House of Assembly: Tuesday, March 04, 2025

Contents

Apprentices, Vehicle Registration Discounts

Mr McBRIDE (MacKillop) (14:44): My question is to the Minister for Education, Training and Skills. Will the government offer registration discounts to trade apprentices? With your leave, sir, and that of the house, I will explain.

Leave granted.

Mr McBRIDE: Both the Victorian and New South Wales governments offer registration discounts to apprentices who use their own vehicle for work. This would assist apprentices with the rising cost of living.

The Hon. B.I. BOYER (Wright—Minister for Education, Training and Skills) (14:45): I thank the member for MacKillop for this very important question, and he is right that it is an issue. We know that we have a pretty big task ahead of us as a state in terms of being able to fill all those skilled worker positions that we need to meet existing demand across almost every single industry that you can name, let alone all the additional growth that we need in the state to meet future jobs. A lot of that growth that we need is in occupations that have a traditional trade apprenticeship pathway. In fact, I think the target for our state alone across the next five years is an additional 78,000 VET-trained staff on top of what we have, which is enormous uplift for South Australia.
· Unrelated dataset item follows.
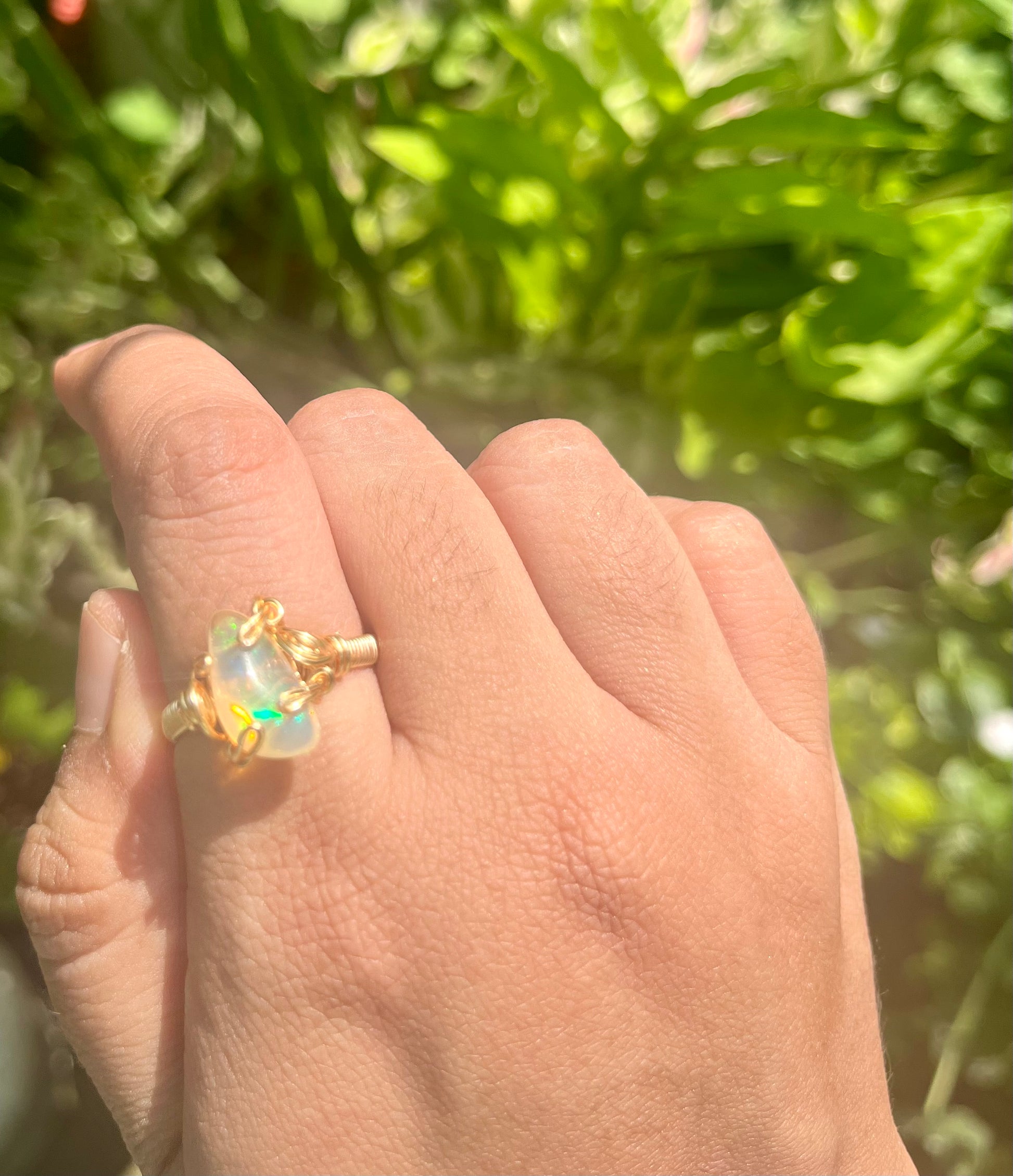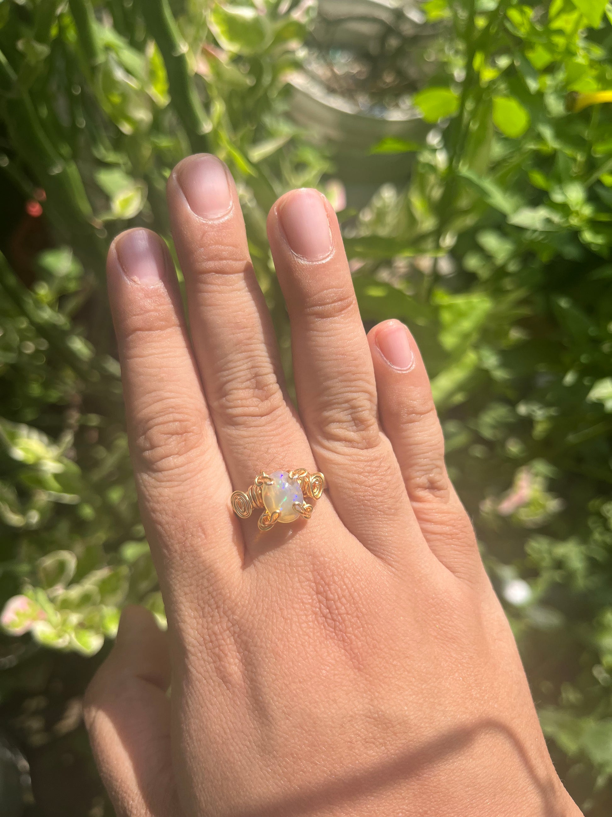 Anillos ajustables elaborados con la técnica de alambrismo y material de chapa de oro de 18k. Cada anillo es único.

Unfortunately, part of the challenge for young people in many cases—and I think we see more of this now with this generation than we have with previous generations—is, for whatever reason, a reluctance to get their driver's licence. Particularly in those traditional trades that the member for MacKillop has mentioned—if we are talking about carpenters, plumbers or sparkies who, when they are doing their apprenticeship, potentially have a different workplace almost every day—it is important that they not only have their licence but have access to a car.

This has been something that has been raised with me as the Minister for Training and Skills for a number of years, not just by the member for MacKillop but by organisations like the Master Builders Association as well who are having conversations with the employers that they represent. They say that often they get to the point with the young person who is about to sign up to an apprenticeship—they have gone through that process and then they ask what is often the final question about whether or not they have a licence and access to a car, because they are going to need to drive to the worksite. They say no they don't, and that's the end of it right there. Of course, that is a huge loss for the apprentice, and the opportunity that that apprenticeship presented for them, it is a huge loss to the employer, of course, and for the state as well.

So we have been looking at what we can do. There are a couple of things that we currently offer through the Construction Industry Training Board (CITB). They have a career-driven program as part of the Doorways2Construction program, which many members in this chamber might be aware of. It gives high school students the opportunity to actually work on a worksite and get a cert II. I was recently out in the member for Ramsay's electorate where some students from a school out there had refurbished a Housing Trust property so that it was ready for tenants as part of Doorways2Construction. They will get five free hours of driving lessons, which I think is excellent and really important. I am keen, though, to discuss with the member for MacKillop—and I have been having these conversations with the Master Builders Association—what else we can do.

It is true we don't offer the program that the member for MacKillop refers to that other states do. I think it is a matter of us having a look at what is the best method of attracting young people into those apprenticeships and making sure they can actually take them up. I think a lot of work probably needs to be done with schools, with high schools as well, in terms of having conversations with young people around why they are choosing not to get their driver's licence, because that is the big change that I am seeing.

Some important work needs to happen around making sure those young people understand at the age they can start getting their Ls, and getting their hours up, that a future job might be at risk if they don't go ahead and have that, particularly given that we are doing a lot as a state and as a government to encourage people who might otherwise have thought that a university pathway was the only option to take a VET pathway as well—and obviously a licence is important. So I am happy to continue discussions with the member for MacKillop and see what we can do. It is a very important issue.